» **WORK TO COMPLETE**:
Beginning with the first line, retype exactly the records below up to and including the line with "The birthday of"; pictures do not belong in the copy.

[Stored items]
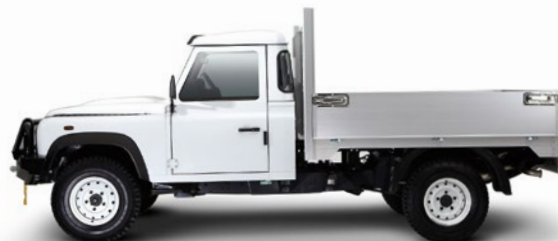
130 Chassis Cab Drop Side / Tipper
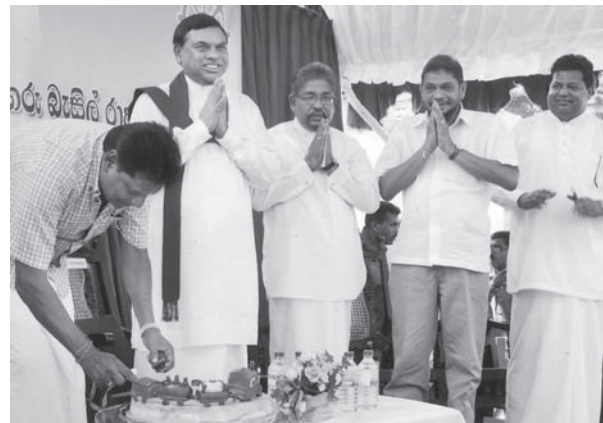
The birthday of Minister of Transport, Kumara Welgama which was celebrated with a donation from the 'Kumara Welgama Bhikkhus Care Unit' to the Panadura Base Hospital, at a cost of Rs. 10 m was opened under the patronage of National Organiser of the SLP and Minister of Economic Development Basil Rajapaksa. Here Minister Welgama cuts the cake after the opening ceremony. Dr. Itthepane Dhammalankara Nayaka Thera, Minister of Minor Export Crop Promotion, Reginald Cooray and Minister of Health WPC Jagath Angage were also present.
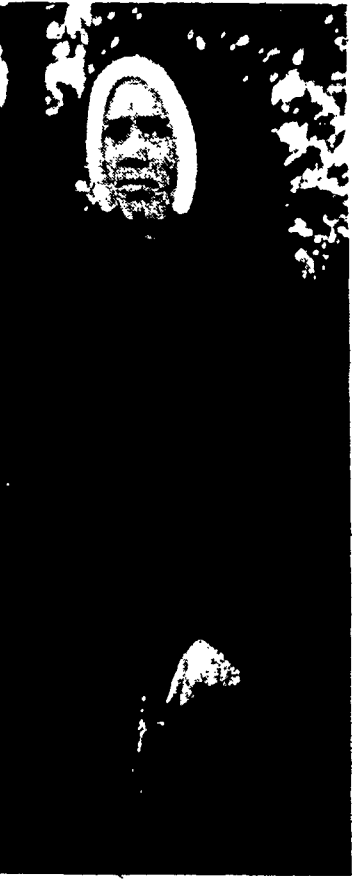
Only survivor of the 1917 apparitions is Sister Lucy, now a Carmelite nun. Other two children died in an epidemic soon after end of World War
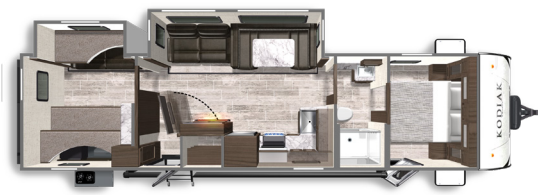
332BHS - Length: 37' 3" Weight: 7,157 lbs Fresh Water: 44 gals. Grey Water: 78 gals. Waste Water: 28 gals.
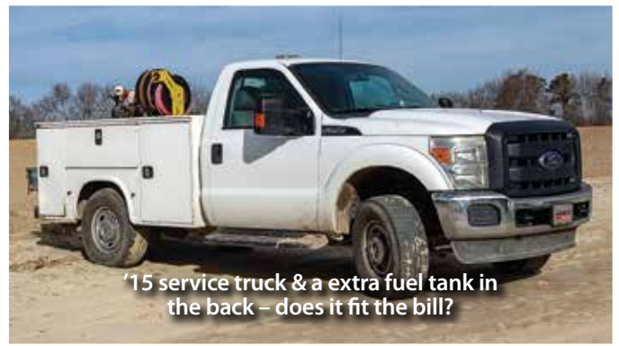
'15 service truck & a extra fuel tank in the back – does it fit the bill?
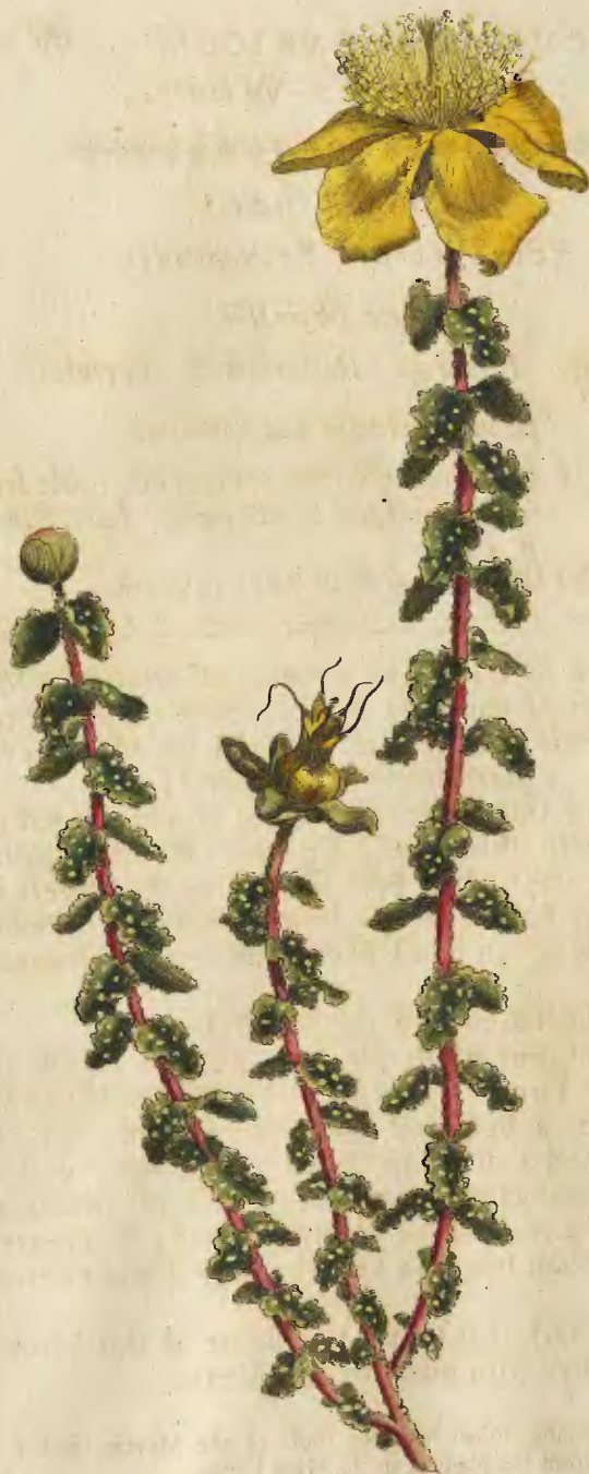
Pluk. Nov. 11700 by W. Curtis Sculp. Georges Crescent
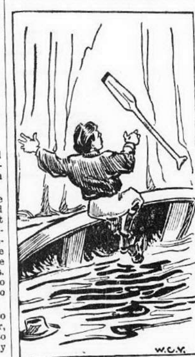
The Boat Capsized.

In telling of the trip Russell said: "The river below Bright Angel for 150 miles was so rough that I never expected to get through alive. If Niagara is worse than Diamond Creek Rapids it must be more than rocks and water. After the damage to the
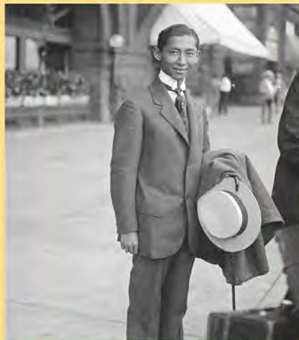
Prince Mahidol of Songkla on his way to Gloucester, MA, August 26, 1916

In honor of His Majesty King Bhumibol Adulyadej & Prince Mahidol of Songkla
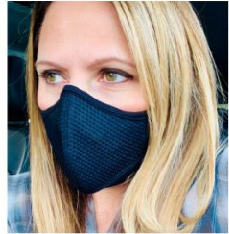
HALO Mask offers various styles & materials. For a full catalog contact your HALO Mask representative.
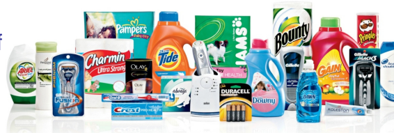
23 Billion-Dollar Brands

We provide branded products and services of superior quality and value that improve the lives of the world's consumers
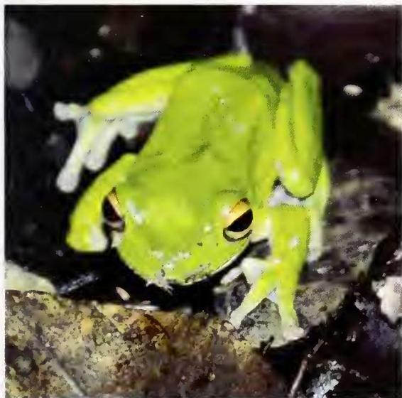
Fig. 5. Litoria infrafrenata from Salibabu Island.

Additional material: MCZ A-24288, Karakelong, coll. FAIRCHILD Garden Expedition 1940; ZMA 8570 (3 spec.), Lirung, Salibabu, coll. M. WEBER 1899; ZMA 8576 (1 spec.), Beo, Karakelong, coll. M. WEBER 1899.
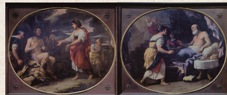
Job comforted by his family

In the priest's vestry, there are two paintings attributed to Luca Giordano (1634-1705)
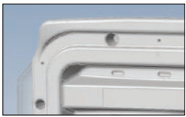
Innovative Flex-Fit™ Seat
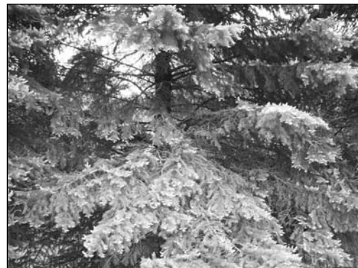
Needlecast...a fungal disease

» **ANSWER BOX**:
130 Chassis Cab Drop Side / Tipper
The birthday of Minister of Transport, Kumara Welgama which was celebrated with a donation from the 'Kumara Welgama Bhikkhus Care Unit' to the Panadura Base Hospital, at a cost of Rs. 10 m was opened under the patronage of National Organiser of the SLP and Minister of Economic Development Basil Rajapaksa. Here Minister Welgama cuts the cake after the opening ceremony. Dr. Itthepane Dhammalankara Nayaka Thera, Minister of Minor Export Crop Promotion, Reginald Cooray and Minister of Health WPC Jagath Angage were also present.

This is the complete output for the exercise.